Words & Photos: Ryan Kershek – Owner of Fluid Focus, LLC in San Marcos CA.
The balance of your suspension is crucial to the performance of how well your bike handles. One way to address balance is with air pressure and sag, which we discussed in the first article, but you can fine-tune the suspension characteristics with adjusters. Most of the time, adjusters are blue and red knobs on the top and bottom of the fork and shock. The more expensive the suspension, the more adjusters are typically at your disposal. Let’s look at what adjusters do and how to use them.
Two types of damping circuits are Low Speed and High Speed. This is true for both compression and rebound. If your fork or shock only has one adjuster for compression and one for rebound, these are Low Speed adjusters. Inside the damper, the Low Speed adjuster is a tapered needle that determines the oil flow rate through the Low Speed pathway. If the needle is further into the pathway, it will restrict oil flow (stiff compression and slow rebound). More oil can flow if the needle is further away from the pathway (soft compression, fast rebound).
Once the Low Speed circuit is overcome with too much oil flow, the oil must bleed off somewhere, and this is when the High Speed circuit takes over. Most High Speed circuits are controlled via shims stacks. When the oil flows through the piston, it bends or deflects the shims. The more resistant the shims are to bending, the stiffer the compression will be, and the slower the rebound becomes (and vice versa). In most dampers, the High Speed compression adjuster puts preload on shims or a poppet valve spring, which helps restrict the oil flow at the adjuster. This works with the mid-valve piston shim stacks to complete the High Speed circuit.

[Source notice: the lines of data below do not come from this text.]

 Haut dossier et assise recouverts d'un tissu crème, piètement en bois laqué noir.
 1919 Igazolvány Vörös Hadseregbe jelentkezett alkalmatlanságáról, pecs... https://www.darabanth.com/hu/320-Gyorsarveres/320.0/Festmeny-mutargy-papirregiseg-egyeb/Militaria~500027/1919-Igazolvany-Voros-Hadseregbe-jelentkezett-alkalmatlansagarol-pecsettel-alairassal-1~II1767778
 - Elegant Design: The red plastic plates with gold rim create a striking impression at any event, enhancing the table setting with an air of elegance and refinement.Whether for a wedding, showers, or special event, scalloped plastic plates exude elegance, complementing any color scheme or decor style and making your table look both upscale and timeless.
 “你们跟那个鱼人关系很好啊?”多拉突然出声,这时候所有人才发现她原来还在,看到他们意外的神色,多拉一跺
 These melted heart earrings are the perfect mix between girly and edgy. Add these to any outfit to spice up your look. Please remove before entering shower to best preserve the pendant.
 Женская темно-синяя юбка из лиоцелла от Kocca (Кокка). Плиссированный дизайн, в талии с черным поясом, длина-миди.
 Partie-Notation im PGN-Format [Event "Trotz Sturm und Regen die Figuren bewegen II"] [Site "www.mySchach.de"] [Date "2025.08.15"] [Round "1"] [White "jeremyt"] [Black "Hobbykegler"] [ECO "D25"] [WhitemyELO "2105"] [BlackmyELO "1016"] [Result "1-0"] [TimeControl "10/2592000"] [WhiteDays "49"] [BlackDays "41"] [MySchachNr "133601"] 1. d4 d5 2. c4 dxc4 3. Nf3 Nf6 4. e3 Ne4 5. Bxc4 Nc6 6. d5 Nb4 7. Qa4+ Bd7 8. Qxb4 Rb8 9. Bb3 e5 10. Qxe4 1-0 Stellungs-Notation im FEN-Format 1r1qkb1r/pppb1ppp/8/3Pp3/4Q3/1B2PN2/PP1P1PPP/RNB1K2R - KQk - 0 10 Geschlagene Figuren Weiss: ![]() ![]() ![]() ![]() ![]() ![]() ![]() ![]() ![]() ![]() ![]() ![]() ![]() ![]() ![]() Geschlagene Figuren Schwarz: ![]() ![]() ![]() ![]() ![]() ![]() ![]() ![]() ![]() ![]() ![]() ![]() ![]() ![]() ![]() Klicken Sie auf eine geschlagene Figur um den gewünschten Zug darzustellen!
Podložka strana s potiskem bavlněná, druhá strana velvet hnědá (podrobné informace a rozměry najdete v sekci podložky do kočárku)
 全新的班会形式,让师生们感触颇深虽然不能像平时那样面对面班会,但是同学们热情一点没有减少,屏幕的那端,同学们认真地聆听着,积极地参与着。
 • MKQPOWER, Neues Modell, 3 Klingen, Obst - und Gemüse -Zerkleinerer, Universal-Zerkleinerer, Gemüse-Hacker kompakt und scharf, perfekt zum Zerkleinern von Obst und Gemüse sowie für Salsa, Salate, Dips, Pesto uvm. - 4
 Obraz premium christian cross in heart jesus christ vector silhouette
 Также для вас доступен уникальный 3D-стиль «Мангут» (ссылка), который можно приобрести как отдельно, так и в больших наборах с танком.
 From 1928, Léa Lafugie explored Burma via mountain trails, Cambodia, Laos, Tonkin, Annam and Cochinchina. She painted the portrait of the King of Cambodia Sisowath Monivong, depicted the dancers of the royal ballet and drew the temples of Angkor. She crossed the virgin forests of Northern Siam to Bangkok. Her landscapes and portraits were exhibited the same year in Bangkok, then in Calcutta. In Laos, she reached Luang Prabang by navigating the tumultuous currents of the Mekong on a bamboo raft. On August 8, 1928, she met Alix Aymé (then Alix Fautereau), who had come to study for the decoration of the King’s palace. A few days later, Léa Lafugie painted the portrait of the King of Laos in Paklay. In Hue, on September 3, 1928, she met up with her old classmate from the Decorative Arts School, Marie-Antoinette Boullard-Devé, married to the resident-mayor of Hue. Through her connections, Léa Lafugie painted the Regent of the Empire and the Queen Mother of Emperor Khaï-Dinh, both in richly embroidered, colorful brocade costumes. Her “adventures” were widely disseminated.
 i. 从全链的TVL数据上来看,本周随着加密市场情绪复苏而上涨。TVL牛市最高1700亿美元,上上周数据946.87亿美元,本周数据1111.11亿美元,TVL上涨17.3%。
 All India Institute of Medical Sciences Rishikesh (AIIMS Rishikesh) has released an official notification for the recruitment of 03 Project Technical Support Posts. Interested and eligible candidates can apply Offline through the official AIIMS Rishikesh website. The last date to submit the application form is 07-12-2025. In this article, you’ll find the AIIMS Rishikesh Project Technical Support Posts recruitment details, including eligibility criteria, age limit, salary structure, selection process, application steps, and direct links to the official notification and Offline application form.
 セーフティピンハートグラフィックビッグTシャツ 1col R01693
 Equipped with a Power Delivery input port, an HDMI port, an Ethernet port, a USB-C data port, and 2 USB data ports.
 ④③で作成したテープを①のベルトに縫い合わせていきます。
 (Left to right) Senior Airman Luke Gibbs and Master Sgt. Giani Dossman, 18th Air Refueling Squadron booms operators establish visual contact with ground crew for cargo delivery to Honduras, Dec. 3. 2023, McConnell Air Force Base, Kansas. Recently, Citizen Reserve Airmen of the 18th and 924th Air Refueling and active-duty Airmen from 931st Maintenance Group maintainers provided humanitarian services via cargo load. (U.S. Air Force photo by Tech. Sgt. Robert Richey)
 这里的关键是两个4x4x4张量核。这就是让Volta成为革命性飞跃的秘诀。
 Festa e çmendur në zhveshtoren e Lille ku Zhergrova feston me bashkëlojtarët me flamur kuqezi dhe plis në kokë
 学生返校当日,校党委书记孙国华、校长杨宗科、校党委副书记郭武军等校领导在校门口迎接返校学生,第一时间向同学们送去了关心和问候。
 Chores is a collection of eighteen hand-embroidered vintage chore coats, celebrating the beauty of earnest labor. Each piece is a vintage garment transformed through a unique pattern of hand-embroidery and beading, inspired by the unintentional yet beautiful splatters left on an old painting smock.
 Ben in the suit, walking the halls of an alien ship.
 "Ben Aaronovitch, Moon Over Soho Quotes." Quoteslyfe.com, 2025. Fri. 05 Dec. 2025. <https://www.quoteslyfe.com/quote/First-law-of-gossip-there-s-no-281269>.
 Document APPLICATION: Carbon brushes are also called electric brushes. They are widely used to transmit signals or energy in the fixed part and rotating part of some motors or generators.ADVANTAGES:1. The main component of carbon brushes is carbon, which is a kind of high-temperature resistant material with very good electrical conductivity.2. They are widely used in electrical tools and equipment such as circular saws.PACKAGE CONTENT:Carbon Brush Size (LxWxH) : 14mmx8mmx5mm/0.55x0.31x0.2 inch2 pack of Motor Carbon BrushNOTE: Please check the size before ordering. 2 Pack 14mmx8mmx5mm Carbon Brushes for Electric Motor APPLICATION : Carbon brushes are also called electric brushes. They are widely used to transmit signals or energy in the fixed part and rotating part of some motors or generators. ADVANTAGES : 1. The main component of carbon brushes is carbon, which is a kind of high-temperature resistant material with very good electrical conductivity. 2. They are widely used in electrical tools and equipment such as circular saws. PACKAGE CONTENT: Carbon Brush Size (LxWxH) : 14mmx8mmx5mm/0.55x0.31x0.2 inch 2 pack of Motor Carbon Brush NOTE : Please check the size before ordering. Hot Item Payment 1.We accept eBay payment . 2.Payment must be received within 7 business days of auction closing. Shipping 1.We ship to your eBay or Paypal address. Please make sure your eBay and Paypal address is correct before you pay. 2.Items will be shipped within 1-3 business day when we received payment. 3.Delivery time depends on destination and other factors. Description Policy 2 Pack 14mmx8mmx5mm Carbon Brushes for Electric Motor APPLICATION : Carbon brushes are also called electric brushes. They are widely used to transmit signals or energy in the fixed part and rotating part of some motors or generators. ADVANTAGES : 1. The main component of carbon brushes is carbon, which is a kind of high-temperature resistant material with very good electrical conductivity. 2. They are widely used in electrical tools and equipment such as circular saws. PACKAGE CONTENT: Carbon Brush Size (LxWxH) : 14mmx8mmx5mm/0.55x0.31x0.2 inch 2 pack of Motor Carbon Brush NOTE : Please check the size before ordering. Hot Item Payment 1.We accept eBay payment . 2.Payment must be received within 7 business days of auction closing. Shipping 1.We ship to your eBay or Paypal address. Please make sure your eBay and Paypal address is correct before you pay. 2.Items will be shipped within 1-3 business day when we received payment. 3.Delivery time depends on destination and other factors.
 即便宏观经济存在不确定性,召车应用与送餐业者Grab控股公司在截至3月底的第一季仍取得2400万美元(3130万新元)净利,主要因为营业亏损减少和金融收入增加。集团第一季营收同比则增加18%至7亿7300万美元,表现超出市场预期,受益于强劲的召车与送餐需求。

What adjuster should you be adjusting?
It’s important to remember that what you adjust is dependent on how fast the fork or shock is cycling, not the wheel speed. Your wheels could be moving at 80 MPH, but the trail is smooth and flowing; any adjustment made in this situation should be Low Speed. Landing off a jump or drop or smashing through a rock garden with square edge hits, should be a High Speed adjustment. Get the idea? Rebound speeds are arguably more important than compression because the idea is to have your fork or shock return to the sag point, or about the full extension, before the next hit. This allows the suspension to absorb the bumps, keeping the bike feeling plush and compliant.
The more extended your suspension is when it hits the obstacle, the less force it takes to compress the fork or shock. If you are constantly too deep in the travel, this is called “packing,” meaning the fork or shock cannot extend, so it packs up. If this happens, your suspension deflects, causing the bike to feel harsh and non-compliant. Many people confuse this with compression being too stiff and then make an adjustment that makes compression softer, which makes the situation worse. If you make the suspension stiffer and faster, the bike will track better and be more comfortable. It’s very counterintuitive!
For example, picture yourself entering a corner, and you are on the brakes. Your fork dives, and your shock extends. What could you adjust to level the bike out? This usually would be a Low Speed adjustment, and you could stiffen the fork’s Low Speed compression to keep the front end higher. Or slow the shock low-speed rebound to keep the shock lower in its travel—or both. There isn’t a wrong adjustment. It’s recommended only to make one adjustment at a time so you don’t get confused and you can learn what each adjustment does.
In summary, don’t be scared to use the adjusters to see what they do. You should figure out where you are in the adjuster’s range to return to that spot if you get lost. F-Ftuned.com is a great website where you can log your bike settings and adjustments, and it’s all free! It is essential to remember that you do not adjust for one part of the trail but think about how the adjustments you make will affect the overall big picture—some people like a set-it-and-forget-it method; others like to tinker with settings depending on the trail. There is so much more to this, but hopefully, this is the start of making the adjustments you have hesitated to make!